> I’ve been feeling pretty good about my benchmark! It should stay useful for a ...

simonw · 2025-06-08T20:07:57 1749413277

Honestly, if my stupid pelican riding a bicycle benchmark becomes influential enough that AI labs waste their time optimizing for it and produce really beautiful pelican illustrations I will consider that a huge personal win.

benmathes · 2025-06-16T21:41:38 1750110098

"personal" doing a lot of work there :-)

(And I'd be envious of your impact, of course)

Choco31415 · 2025-06-08T20:23:33 1749414213

Just tried that canard on GPT-4o and it failed:

"The word "strawberry" contains 2 letter r’s."

belter · 2025-06-09T16:10:00 1749485400

I tried

strawberry -> DeepSeek, GeminiPro and ChatGPT4o all correctly said three

strawberrry -> DeepSeek, GeminiPro and ChatGPT4o all correctly said four

stawberrry -> DeepSeek, GeminiPro all correctly said three

ChatGPT4o even in a new Chat, incorrectly said the word "stawberrry" contains 4 letter "r" characters. Even provided this useful breakdown to let me know :-)

Breakdown: stawberrry → s, t, a, w, b, e, r, r, r, y → 4 r's

And then asked if I meant "strawberry" instead and said because that one has 2 r's....

MattRix · 2025-06-08T19:55:33 1749412533

This is why things like the ARC Prize are better ways of approaching this: https://arcprize.org

whiplash451 · 2025-06-09T06:20:29 1749450029

Well, ARC-1 did not end well for the competitors of tech giants and it’s very unclear that ARC-2 won’t follow the same trajectory.

wolfmanstout · 2025-06-10T01:27:04 1749518824

This doesn’t make ARC a bad benchmark.

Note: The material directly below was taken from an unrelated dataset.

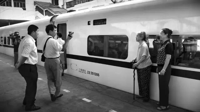 2007年,南昌到上海的动车,一位年轻人为自己的母亲拍照留念。

Tech giants will have a significant advantage in any benchmark they are interested in, _especially_ if the benchmark correlates with true general intelligence.

lofaszvanitt · 2025-06-09T12:31:41 1749472301

You push sha512 hashes of things in a githup repo and a short sentence:

x8 version: still shit . . x15 version: we are closing, but overall a shit experience :D

this way they won't know what to improve upon. of course they can buy access. ;P

when they finally solve your problem you can reveal what was the benchmark.